The acquisition of the Le Mars plant was part of a large sale of assets in the aftermath of Dean Foods’ collapse last year.
Dean Foods, the biggest U.S. milk producer, declared bankruptcy last November during a long-term slump in milk demand. Dean had lost money in eight of the 10 fiscal quarters before the bankruptcy, and posted declining sales in seven of the previous eight quarters.
At the time of Dean Foods’ bankruptcy, Dairy Farmers of America — a national dairy marketing cooperative based in Kansas City — said that it was “engaged in discussions to potentially purchase some or all” of Dean’s assets. Kemps, a familiar name in grocery store dairy aisles, is a wholly owned subsidiary of the Dairy Farmers of America.
In May, Dairy Farmers of America closed on 44 of Dean’s facilities (including the Le Mars plant) and certain corporate functions, paying $433 million for the lot. DFA intends to keep Dean Foods’ dairy infrastructure operating.
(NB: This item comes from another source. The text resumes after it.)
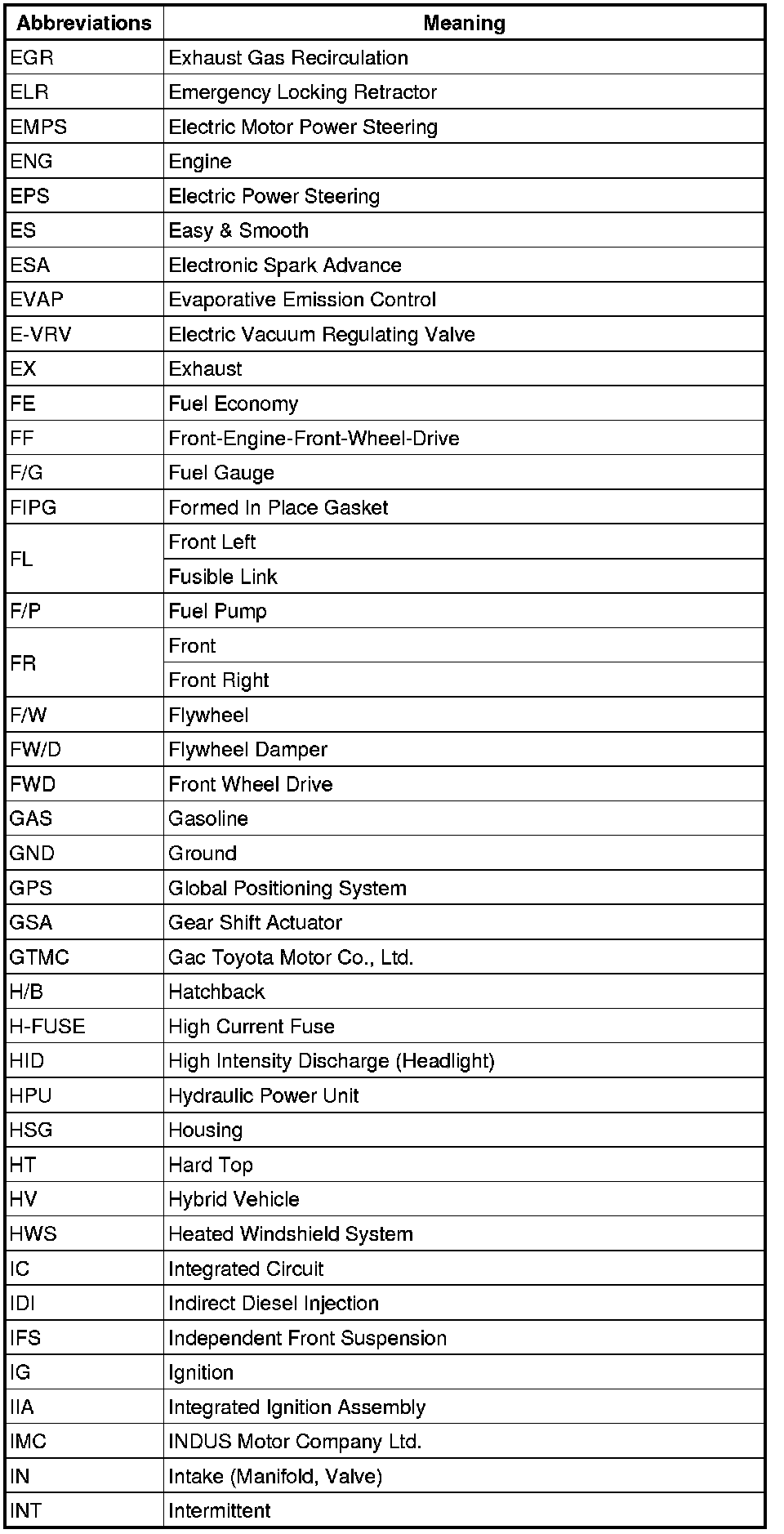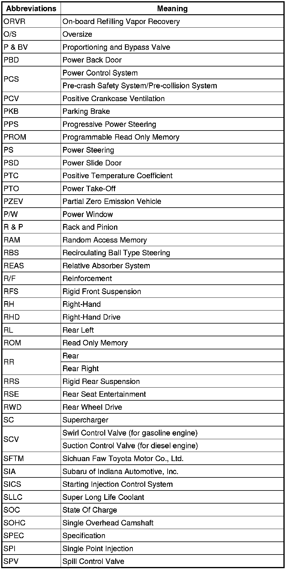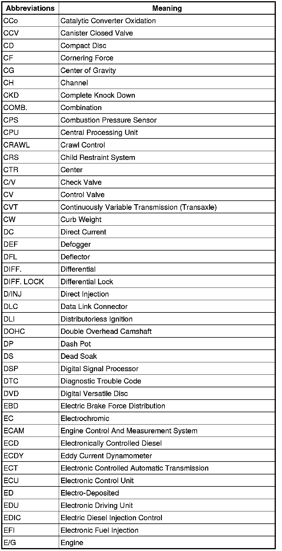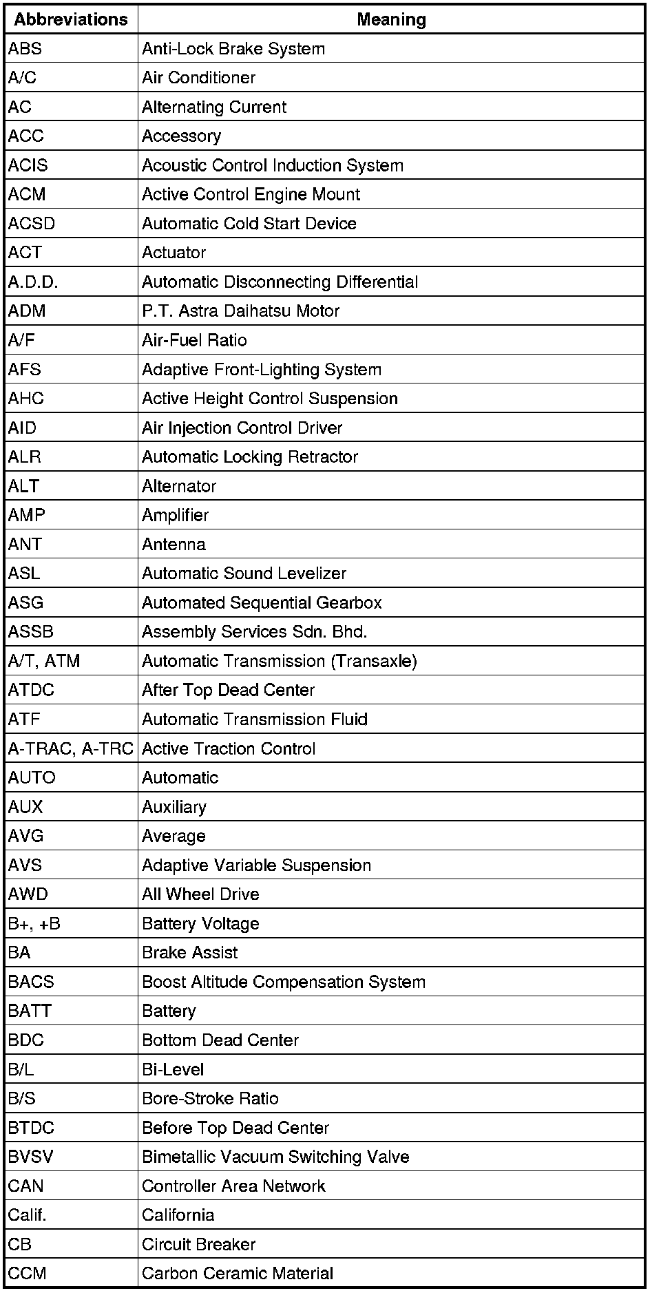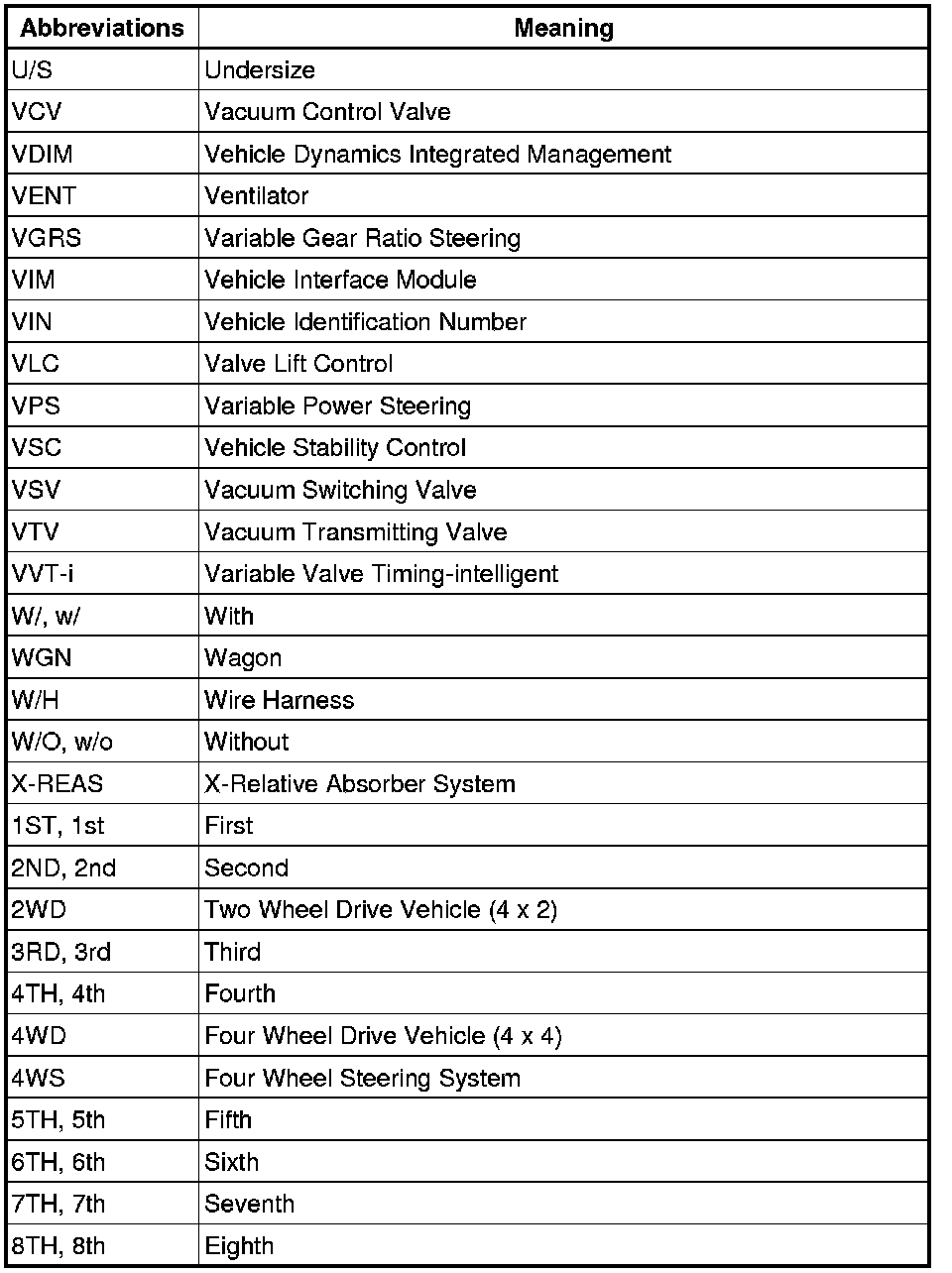 Terms - Abbreviations Used In Service Procedures

The Le Mars plant, at 1188 Lincoln St. SW in Le Mars, was built in 1963. It was formerly operated by Wells Enterprises, the Le Mars-based ice cream maker. Dean acquired the plant from Wells in a 2007 deal, after Wells decided to divest its fresh milk and cultured dairy holdings.
The dairy plant employs more than 200 people and produces fluid milk, cottage cheese, cream, dips, fruit juices, ice cream mix and sour cream. The plant’s current management will continue to manage the plant’s day-to-day operations, and all employees will retain their current positions, according to the Kemps press release.